Task goal.
All entries are to be printed again exactly, with their images omitted.

Records drawn from a dataset.
________________________

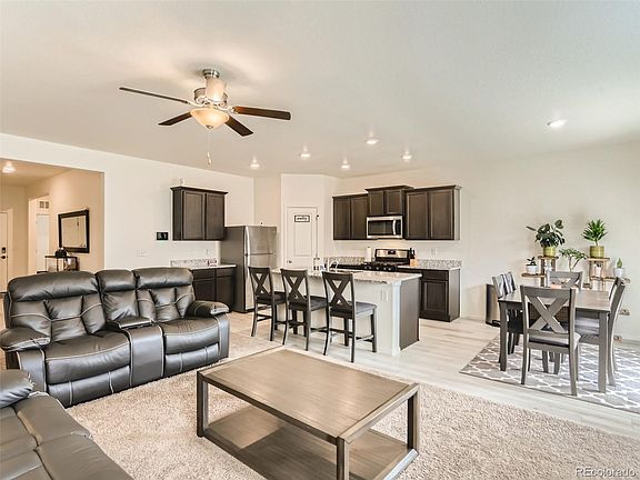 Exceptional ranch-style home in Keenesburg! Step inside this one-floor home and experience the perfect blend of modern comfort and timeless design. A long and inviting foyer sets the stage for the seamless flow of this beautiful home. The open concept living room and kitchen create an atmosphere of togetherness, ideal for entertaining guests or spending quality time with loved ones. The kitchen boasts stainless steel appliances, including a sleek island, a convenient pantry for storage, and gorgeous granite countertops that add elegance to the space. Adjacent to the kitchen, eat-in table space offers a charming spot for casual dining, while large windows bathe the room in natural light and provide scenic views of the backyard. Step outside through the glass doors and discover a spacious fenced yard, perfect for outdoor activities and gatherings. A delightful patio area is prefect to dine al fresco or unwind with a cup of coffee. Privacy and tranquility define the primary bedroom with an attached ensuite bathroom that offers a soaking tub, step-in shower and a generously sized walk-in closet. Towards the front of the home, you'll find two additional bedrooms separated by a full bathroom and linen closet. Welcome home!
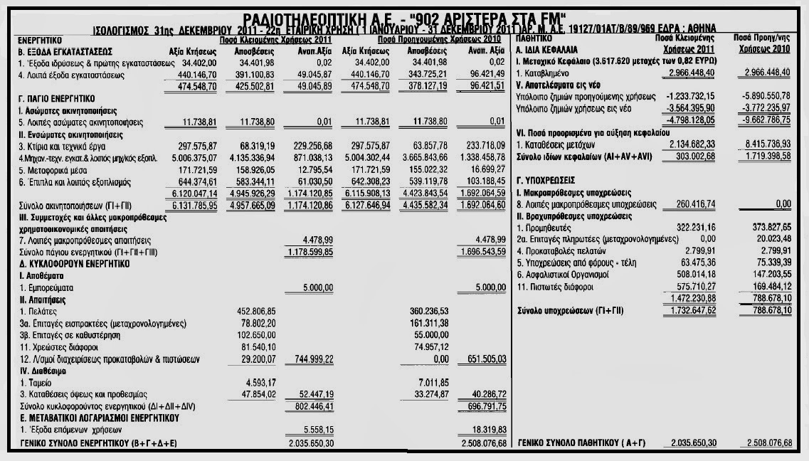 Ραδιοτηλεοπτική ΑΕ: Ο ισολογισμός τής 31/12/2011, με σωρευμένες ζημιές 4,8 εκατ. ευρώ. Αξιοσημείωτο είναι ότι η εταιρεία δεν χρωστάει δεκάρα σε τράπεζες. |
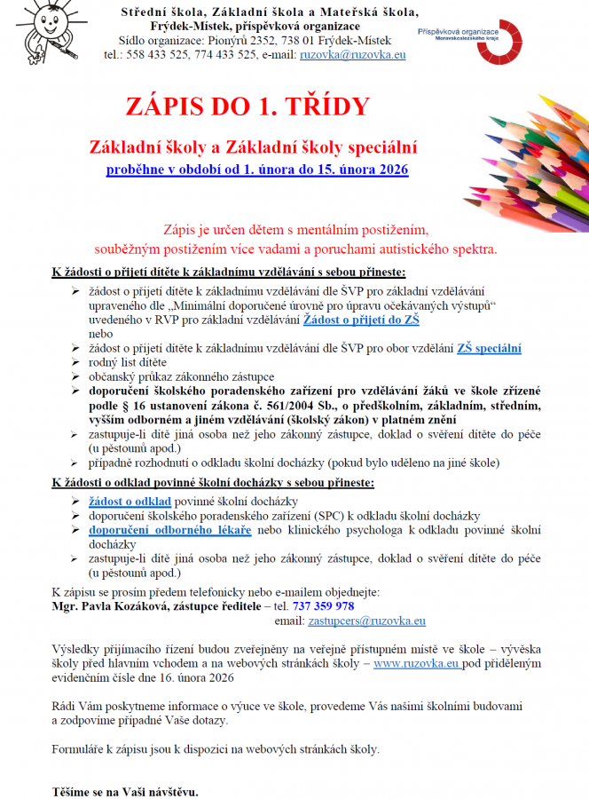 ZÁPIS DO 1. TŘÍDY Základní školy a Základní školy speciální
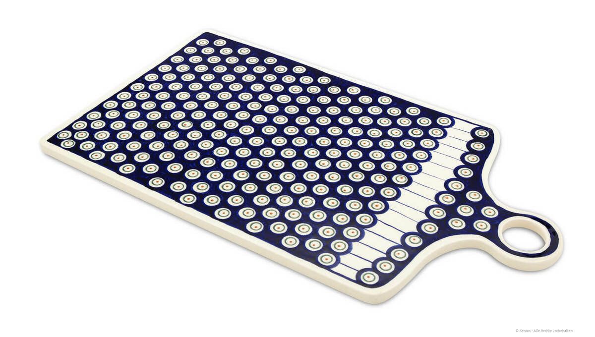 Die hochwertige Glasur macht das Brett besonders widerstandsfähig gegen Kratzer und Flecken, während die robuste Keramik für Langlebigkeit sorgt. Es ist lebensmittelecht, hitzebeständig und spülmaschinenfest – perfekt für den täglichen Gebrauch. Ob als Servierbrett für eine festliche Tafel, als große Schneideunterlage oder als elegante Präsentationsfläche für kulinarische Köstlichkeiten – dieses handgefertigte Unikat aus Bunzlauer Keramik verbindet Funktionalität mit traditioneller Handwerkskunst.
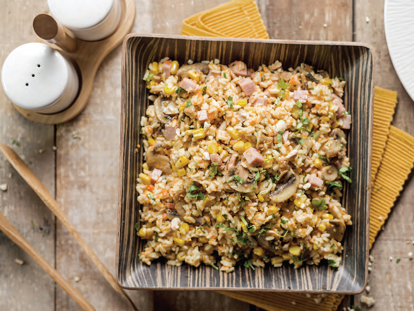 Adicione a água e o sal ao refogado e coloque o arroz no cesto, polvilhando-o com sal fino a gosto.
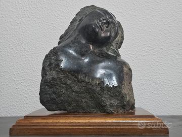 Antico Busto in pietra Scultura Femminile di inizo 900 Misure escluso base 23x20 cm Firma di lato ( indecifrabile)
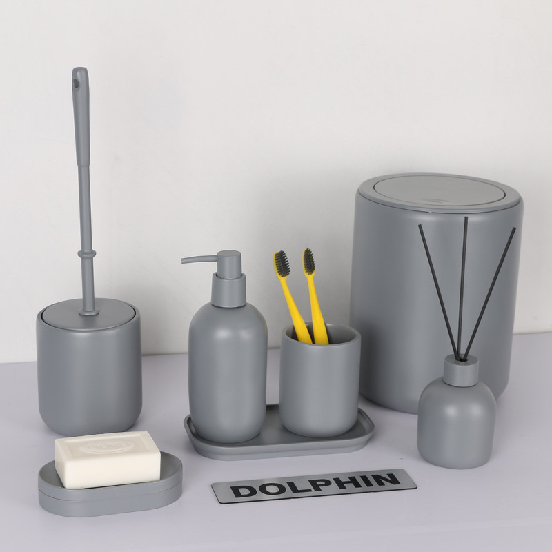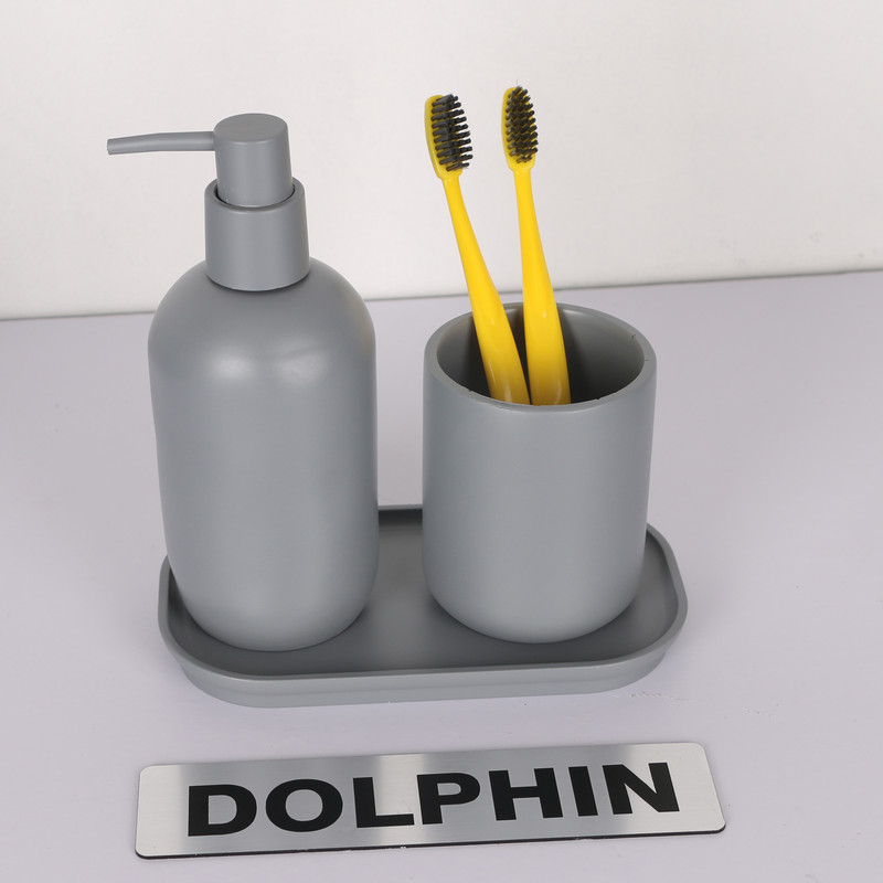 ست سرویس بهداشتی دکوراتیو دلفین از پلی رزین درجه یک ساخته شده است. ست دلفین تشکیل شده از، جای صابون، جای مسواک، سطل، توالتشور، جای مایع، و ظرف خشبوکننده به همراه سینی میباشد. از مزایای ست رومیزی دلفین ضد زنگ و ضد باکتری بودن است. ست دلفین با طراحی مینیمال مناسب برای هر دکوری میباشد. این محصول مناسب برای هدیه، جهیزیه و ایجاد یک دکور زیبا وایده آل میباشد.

________________________

Your solution.
 Exceptional ranch-style home in Keenesburg! Step inside this one-floor home and experience the perfect blend of modern comfort and timeless design. A long and inviting foyer sets the stage for the seamless flow of this beautiful home. The open concept living room and kitchen create an atmosphere of togetherness, ideal for entertaining guests or spending quality time with loved ones. The kitchen boasts stainless steel appliances, including a sleek island, a convenient pantry for storage, and gorgeous granite countertops that add elegance to the space. Adjacent to the kitchen, eat-in table space offers a charming spot for casual dining, while large windows bathe the room in natural light and provide scenic views of the backyard. Step outside through the glass doors and discover a spacious fenced yard, perfect for outdoor activities and gatherings. A delightful patio area is prefect to dine al fresco or unwind with a cup of coffee. Privacy and tranquility define the primary bedroom with an attached ensuite bathroom that offers a soaking tub, step-in shower and a generously sized walk-in closet. Towards the front of the home, you'll find two additional bedrooms separated by a full bathroom and linen closet. Welcome home!
 Ραδιοτηλεοπτική ΑΕ: Ο ισολογισμός τής 31/12/2011, με σωρευμένες ζημιές 4,8 εκατ. ευρώ. Αξιοσημείωτο είναι ότι η εταιρεία δεν χρωστάει δεκάρα σε τράπεζες. |
 ZÁPIS DO 1. TŘÍDY Základní školy a Základní školy speciální
 Die hochwertige Glasur macht das Brett besonders widerstandsfähig gegen Kratzer und Flecken, während die robuste Keramik für Langlebigkeit sorgt. Es ist lebensmittelecht, hitzebeständig und spülmaschinenfest – perfekt für den täglichen Gebrauch. Ob als Servierbrett für eine festliche Tafel, als große Schneideunterlage oder als elegante Präsentationsfläche für kulinarische Köstlichkeiten – dieses handgefertigte Unikat aus Bunzlauer Keramik verbindet Funktionalität mit traditioneller Handwerkskunst.
 Adicione a água e o sal ao refogado e coloque o arroz no cesto, polvilhando-o com sal fino a gosto.
 Antico Busto in pietra Scultura Femminile di inizo 900 Misure escluso base 23x20 cm Firma di lato ( indecifrabile)
 ست سرویس بهداشتی دکوراتیو دلفین از پلی رزین درجه یک ساخته شده است. ست دلفین تشکیل شده از، جای صابون، جای مسواک، سطل، توالتشور، جای مایع، و ظرف خشبوکننده به همراه سینی میباشد. از مزایای ست رومیزی دلفین ضد زنگ و ضد باکتری بودن است. ست دلفین با طراحی مینیمال مناسب برای هر دکوری میباشد. این محصول مناسب برای هدیه، جهیزیه و ایجاد یک دکور زیبا وایده آل میباشد.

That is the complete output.